Monday, September 7, 2009

New Strategy

Ok. As you as you can see, I've kinda fallen off the wagon. But like the trooper I am, I'm back with a new game plan. Over the weekend I ate way to much and exercised way to little but I also happened to start reading a new book...UltraMetabolism by Dr. Mark Hyman. From what I've gathered so far it's all about reeducating your metabolism. The reason we need to reeducate is because most of us have poor eating and lifestyle habits which have thrown us way off track. His program essentially has 3 phases:

  1. Preparation - is all about eliminating Sugar, High Fructose Corn Syrup, Hydrogenated fats, Junk Food, Alcohol and Caffeine. This pre-phase is intended to last 1 week. Although Dr. Hyman does give suggestions for weening yourself off coffee he thinks "cold turkey" is the best way to get off sugar (it's gonna be tough for me).
  2. Phase I - Detoxify - this phase is intended to "unlock and restart" your metabolism. In this phase you are still avoiding the items from the preparation phase but you start to really incorporate whole, natural foods into your diet. This phase is 3 weeks.
  3. Phase II - Rebalance and Maintain - This is what he describes as the "lifestyle phase". According to the book, at this point you have transitioned over to healthy foods, healthy living...leaving your bad habits and cravings behind.     
So this week I'll be eliminating all the food as indicated in the preparation phase. I'm nervous but I know I can make it through. Dr. Hyman gives the following suggestions for making the transition easier.
  • Include protein at breakfast
  • Eat something every 3-4 hours
  • Eat small snacks. He suggests fruit and some nuts
  • Avoid eating 2-3 hours before bed
  • Avoid quick absorbing carbs like white bread and refined, processed carbs
  • Pack healthy snacks to help you avoid temptation
  • Plan your meals ahead of time
  • 1-2 oz of 70% dark chocolate is allowed daily
  • 30 minutes of exercise, 5 days a week
My Plan for Day 1 
8:00 am - Plain, Non-fat kefir and frozen blueberries
11:00 am - Chicken Salad
3:00 pm - Cantaloup and a handful of almonds
6:00 pm - lean protein and veggies
Exercise at least 30 minutes with my boot camp class
I'll check in tomorrow to let you know how things go.
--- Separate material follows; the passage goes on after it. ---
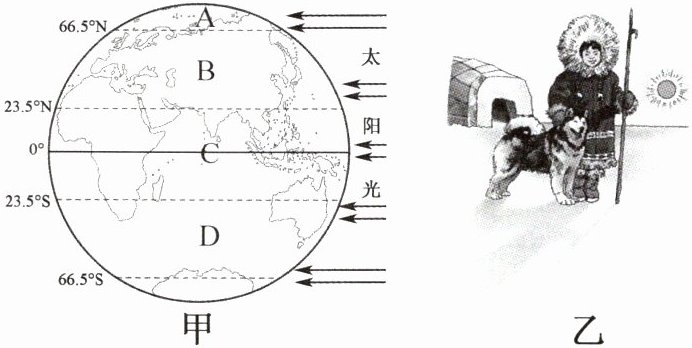 6.C 7.B[提示:乙图中,太阳直射$23.5^{\circ }S$(南回归线),日期为12月22日前后]

Tuesday, September 1, 2009

Day 9

Breakfast

  • Ezekiel Bread
  • 1/2 banana
  • 1 tablespoon Almond Butter
Lunch

  • McAlister (new restaurant in town, located new Cattle Barons on Telshor) 1/2 Smoked Turkey sandwich and side greek salad
  • Click here for McAlister nutrition info. The site actually gives some healthy recommendations
The rest of the afternoon was just a whole lot of snacking

  • Skinny Cow Ice Cream Cone (150 calories)
  • 3 Dark Chocolate Squares (50 calories per square)
  • 1/2 banana (60 calories) 
Dinner was more snacking

  • 2 slices sandwich turkey and a slice of cheese
  • 1 tofutti cutie (140 calories)
  • fat-free hot chocolate (50 calories)
I went to bed craving a smore (which I could have made) but I think I had cravings all day because I was only feeding my body empty calories so I was constantly hungry. I wasn't giving my body any sort of nutritional value, like the day before. Tomorrow, I'll try to get the most "bounce-to-the-ounce" from my calories.